Marisa yang merasa penasaran dengan hal penting yang akan dikatakan oleh Steven. Mau tidak mau akhirnya wanita itu memilih untuk menyerah.
"Baiklah. Tapi aku harap hal penting ini tidak menyangkut tentang permintaan konyolmu." celetuk Marisa disertai dengan lirikan mata tajam.
Seketika senyum pria itu langsung mengembang dan tanpa berpikir panjang lagi dia langsung menyambar tangan Marisa kemudian menciuminya.
"Okey, Sayang. Dengarkan aku baik-baik! Satu Minggu lagi adalah hari pernikahan mereka. Pasti kamu tau dong, siapa yang aku maksud saat ini?" ujar Steven sambil menaik-turunkan alisnya.
Marisa yang mendapatkan kabar itu kini langsung menyeringai kecil. Karena itu adalah salah satu kabar istimewa untuk melanjutkan rencananya.
"Aku tau apa yang kamu pikirkan saat ini, Sayang. Dan aku siap membantumu untuk melakukannya." ucap Steven.

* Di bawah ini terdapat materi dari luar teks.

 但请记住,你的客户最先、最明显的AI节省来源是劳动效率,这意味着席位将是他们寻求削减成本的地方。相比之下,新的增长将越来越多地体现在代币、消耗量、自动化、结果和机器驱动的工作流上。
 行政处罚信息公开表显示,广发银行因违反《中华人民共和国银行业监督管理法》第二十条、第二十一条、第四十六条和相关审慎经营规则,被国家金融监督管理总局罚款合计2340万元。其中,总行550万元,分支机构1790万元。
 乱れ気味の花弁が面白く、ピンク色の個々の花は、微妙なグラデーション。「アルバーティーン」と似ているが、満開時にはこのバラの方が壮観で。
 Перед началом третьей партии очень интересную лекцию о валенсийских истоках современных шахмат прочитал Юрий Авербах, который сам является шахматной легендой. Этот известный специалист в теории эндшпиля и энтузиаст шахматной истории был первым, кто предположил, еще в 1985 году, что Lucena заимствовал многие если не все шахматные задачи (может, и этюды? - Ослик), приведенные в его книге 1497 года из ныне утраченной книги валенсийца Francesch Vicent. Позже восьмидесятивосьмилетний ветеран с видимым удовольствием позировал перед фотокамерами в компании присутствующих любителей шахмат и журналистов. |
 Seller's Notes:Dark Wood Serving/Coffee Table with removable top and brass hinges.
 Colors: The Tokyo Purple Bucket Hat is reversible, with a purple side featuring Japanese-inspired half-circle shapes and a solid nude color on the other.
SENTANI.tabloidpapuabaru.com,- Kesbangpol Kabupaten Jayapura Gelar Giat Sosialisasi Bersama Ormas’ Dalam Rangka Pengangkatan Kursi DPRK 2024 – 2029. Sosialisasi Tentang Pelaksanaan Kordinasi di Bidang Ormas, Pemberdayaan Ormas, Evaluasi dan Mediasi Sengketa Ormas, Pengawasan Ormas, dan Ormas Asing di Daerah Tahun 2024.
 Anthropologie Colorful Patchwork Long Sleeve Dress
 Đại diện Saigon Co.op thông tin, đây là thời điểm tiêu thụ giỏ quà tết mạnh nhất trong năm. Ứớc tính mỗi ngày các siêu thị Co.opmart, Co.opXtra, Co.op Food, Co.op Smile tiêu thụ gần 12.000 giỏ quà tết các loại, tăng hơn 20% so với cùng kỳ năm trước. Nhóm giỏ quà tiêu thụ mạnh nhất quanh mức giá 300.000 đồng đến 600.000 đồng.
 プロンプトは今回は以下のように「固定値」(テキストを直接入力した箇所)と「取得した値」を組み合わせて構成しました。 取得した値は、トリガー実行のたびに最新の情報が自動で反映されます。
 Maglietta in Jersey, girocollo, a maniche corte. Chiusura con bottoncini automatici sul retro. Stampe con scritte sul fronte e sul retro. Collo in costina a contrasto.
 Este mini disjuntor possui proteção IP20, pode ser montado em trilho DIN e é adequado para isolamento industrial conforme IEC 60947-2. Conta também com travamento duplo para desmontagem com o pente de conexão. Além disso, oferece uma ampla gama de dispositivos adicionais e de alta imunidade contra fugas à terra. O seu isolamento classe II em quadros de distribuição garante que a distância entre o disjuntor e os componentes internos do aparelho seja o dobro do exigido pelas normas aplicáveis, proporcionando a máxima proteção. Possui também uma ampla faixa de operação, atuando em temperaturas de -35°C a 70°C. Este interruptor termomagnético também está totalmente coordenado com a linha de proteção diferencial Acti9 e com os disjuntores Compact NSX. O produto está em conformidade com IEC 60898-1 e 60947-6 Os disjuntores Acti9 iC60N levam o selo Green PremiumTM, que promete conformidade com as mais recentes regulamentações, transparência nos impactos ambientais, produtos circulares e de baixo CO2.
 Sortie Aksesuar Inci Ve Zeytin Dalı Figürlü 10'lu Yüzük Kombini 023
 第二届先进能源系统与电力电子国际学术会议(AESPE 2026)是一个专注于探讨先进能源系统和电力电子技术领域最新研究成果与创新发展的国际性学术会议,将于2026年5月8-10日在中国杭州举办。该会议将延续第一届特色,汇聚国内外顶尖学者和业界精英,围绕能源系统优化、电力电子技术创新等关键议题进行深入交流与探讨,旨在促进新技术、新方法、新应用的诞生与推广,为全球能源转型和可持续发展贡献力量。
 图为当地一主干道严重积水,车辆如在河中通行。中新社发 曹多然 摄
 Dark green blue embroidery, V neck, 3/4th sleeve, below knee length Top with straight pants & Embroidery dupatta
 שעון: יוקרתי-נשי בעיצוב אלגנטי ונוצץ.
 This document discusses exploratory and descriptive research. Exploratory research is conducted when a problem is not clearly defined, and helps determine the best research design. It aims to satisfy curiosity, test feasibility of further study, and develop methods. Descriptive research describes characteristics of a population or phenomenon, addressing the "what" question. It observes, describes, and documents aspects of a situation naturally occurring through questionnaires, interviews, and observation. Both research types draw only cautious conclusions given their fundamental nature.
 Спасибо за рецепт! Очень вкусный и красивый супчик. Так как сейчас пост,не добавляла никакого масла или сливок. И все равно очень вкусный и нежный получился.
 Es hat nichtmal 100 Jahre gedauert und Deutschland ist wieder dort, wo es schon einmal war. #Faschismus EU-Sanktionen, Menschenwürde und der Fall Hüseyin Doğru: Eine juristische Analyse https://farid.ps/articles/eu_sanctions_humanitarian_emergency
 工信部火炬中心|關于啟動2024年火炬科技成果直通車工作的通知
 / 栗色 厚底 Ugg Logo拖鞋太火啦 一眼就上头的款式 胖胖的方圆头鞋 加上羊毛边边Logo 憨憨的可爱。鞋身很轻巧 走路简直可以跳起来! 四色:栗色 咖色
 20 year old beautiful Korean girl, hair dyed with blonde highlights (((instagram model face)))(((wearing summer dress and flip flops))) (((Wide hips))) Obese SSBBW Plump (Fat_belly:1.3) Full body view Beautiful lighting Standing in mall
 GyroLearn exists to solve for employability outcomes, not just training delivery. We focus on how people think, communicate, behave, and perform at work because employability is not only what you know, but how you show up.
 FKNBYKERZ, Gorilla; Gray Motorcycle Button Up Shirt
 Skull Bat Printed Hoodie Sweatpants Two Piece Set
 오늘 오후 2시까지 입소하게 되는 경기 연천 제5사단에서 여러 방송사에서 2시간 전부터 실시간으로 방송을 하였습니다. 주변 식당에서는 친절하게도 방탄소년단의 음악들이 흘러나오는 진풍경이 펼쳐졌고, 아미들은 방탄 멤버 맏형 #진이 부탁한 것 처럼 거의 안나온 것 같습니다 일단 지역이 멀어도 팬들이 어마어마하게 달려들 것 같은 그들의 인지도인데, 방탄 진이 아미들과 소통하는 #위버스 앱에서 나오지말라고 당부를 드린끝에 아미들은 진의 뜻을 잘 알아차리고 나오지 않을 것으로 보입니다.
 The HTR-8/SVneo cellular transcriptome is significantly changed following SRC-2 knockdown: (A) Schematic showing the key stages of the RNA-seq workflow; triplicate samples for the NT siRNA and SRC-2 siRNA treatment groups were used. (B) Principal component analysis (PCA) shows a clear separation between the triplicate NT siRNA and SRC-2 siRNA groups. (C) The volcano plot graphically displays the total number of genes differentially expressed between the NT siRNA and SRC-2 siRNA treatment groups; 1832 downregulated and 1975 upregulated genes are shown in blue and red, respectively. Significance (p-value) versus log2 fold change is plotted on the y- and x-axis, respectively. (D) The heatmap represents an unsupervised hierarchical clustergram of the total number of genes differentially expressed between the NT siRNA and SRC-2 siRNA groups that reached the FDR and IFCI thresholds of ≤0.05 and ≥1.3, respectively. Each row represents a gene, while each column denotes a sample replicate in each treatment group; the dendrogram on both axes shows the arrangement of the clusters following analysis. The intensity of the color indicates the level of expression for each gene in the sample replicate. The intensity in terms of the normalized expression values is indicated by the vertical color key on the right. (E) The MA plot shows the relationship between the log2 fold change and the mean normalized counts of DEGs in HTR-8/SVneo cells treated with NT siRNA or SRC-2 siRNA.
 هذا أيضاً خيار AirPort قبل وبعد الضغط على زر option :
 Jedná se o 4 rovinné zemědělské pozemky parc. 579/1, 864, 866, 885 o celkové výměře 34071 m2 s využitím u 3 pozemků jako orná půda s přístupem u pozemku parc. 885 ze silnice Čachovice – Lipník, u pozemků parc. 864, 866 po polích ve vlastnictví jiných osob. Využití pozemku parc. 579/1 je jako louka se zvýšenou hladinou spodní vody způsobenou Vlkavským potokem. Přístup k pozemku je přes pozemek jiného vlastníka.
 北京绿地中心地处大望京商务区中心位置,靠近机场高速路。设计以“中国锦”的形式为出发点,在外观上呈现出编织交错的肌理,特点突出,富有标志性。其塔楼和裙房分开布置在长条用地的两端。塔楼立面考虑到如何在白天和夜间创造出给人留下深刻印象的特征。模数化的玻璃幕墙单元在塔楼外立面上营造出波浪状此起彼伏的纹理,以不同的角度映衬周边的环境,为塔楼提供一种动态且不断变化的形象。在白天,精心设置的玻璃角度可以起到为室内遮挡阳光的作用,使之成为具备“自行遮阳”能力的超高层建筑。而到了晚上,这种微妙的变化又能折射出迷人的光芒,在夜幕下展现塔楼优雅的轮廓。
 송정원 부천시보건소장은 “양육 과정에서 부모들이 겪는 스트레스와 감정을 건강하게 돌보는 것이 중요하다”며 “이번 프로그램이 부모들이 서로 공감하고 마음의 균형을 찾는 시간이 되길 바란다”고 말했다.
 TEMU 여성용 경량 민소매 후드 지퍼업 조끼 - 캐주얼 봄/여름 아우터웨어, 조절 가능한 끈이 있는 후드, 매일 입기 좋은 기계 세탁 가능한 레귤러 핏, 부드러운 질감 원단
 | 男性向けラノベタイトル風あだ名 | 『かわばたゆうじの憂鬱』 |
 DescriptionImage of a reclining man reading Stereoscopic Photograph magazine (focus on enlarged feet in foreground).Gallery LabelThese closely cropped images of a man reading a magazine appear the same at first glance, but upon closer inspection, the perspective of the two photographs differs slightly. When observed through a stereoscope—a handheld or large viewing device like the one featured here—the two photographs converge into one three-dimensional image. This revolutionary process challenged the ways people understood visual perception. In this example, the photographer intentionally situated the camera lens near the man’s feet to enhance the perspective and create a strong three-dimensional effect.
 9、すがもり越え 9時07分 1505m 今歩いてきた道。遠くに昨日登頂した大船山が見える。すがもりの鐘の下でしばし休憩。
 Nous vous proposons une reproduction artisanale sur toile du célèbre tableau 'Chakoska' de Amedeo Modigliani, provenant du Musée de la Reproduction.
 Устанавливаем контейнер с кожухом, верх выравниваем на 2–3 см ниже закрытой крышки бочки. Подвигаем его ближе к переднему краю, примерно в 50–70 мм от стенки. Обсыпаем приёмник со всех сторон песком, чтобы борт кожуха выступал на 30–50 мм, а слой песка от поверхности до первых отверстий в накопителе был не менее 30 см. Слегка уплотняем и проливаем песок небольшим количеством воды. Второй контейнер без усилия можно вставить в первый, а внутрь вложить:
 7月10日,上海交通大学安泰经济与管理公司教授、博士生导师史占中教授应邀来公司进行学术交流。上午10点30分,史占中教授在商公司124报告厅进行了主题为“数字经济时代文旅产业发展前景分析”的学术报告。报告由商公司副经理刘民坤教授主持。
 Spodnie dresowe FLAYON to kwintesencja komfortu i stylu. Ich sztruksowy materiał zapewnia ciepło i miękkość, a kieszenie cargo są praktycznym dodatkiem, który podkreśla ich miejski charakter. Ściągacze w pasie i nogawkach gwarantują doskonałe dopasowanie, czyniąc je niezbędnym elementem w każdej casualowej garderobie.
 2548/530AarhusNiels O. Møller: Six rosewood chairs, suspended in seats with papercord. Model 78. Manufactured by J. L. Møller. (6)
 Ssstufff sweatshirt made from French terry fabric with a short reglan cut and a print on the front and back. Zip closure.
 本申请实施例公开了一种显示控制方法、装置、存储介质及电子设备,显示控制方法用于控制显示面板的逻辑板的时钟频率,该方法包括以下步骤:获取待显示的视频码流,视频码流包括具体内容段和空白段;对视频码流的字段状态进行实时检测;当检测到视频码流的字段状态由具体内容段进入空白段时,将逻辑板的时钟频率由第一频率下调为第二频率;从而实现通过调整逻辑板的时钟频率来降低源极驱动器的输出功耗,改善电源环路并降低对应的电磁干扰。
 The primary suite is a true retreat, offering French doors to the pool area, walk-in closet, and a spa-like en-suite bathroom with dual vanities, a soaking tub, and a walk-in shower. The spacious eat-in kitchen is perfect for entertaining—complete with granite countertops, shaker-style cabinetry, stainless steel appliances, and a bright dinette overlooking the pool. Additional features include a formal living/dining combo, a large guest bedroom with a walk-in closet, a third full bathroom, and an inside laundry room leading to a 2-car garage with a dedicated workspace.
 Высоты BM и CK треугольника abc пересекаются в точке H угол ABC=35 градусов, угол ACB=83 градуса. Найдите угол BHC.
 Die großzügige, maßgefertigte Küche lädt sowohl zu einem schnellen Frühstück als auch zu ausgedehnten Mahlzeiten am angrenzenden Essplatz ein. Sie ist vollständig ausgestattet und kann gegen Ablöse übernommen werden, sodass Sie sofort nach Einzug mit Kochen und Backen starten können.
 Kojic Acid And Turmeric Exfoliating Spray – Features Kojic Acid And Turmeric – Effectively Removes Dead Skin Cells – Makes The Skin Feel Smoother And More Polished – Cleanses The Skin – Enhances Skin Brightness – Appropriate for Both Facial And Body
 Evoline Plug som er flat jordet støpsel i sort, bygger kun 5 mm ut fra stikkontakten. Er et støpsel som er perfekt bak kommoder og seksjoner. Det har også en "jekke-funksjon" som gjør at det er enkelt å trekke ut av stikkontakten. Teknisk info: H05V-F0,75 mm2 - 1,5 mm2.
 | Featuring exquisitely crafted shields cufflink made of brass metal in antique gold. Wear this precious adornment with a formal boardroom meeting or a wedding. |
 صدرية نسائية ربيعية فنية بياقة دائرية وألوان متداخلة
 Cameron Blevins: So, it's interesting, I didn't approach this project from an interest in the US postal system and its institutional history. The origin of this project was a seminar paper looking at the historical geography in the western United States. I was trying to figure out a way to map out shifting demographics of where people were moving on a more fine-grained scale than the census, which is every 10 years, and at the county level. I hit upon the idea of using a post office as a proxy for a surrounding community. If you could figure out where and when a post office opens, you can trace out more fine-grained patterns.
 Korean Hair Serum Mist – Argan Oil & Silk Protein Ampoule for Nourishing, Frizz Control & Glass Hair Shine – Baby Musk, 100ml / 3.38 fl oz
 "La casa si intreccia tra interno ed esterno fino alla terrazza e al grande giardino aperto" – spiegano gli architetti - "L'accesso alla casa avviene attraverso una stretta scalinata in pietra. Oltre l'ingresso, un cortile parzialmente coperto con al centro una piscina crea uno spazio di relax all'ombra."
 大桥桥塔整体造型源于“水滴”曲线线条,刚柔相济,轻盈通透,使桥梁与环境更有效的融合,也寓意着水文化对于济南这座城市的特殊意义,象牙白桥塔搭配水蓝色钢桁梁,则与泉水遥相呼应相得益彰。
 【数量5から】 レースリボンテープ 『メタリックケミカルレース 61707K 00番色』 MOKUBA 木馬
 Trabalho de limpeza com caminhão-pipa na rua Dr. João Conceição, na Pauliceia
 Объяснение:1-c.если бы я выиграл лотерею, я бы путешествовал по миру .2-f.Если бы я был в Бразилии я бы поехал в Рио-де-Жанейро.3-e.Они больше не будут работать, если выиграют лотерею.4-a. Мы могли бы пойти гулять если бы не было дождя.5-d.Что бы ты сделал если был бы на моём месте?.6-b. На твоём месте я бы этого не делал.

Setelah kembali sepakat, akhirnya sepasang muda-mudi itu melanjutkan perjalanan kembali. Tetapi tidak ke arah Kampus, karena saat ini Steven memberikan tugasnya kepada sahabatnya, siapa lagi kalau bukan Syahril sang pria jenius.
"Apakah hari ini kamu sama sekali tidak ada pekerjaan, Stev?" tanya Marisa saat moodnya kembali membaik.
Steven yang mendengar pertanyaan itu, kini justru mengerucutkan bibirnya dan masih fokus pada jalanan yang masih padat merayap.
"Bisakah jika sehari ini kamu memanggilku dengan sebutan Sayang, Honey, atau apalah itu. Yang terpenting panggilan yang mesra dan enak di dengar." protes Steven.
Seketika mata hazel Marisa membulat sempurna saat mendengar permintaan konyol sahabatnya.
"Tap-"
"Jangan protes, Sayang! Please! Sehari saja. Itung-itung latihanlah sebelum kita menikah." potong Steven.
Wanita itu langsung menghela napas panjang. Permintaan konyol dari Steven sukses membuat mood Marisa membaik.
__ADS_1
Sebenarnya dia sama sekali tidak masalah dengan panggilan itu, tetapi karena rasa gengsinya. Dia hanya ingin menguji kesabaran pria posesif itu dengan menggunakan panggilan seperti biasanya.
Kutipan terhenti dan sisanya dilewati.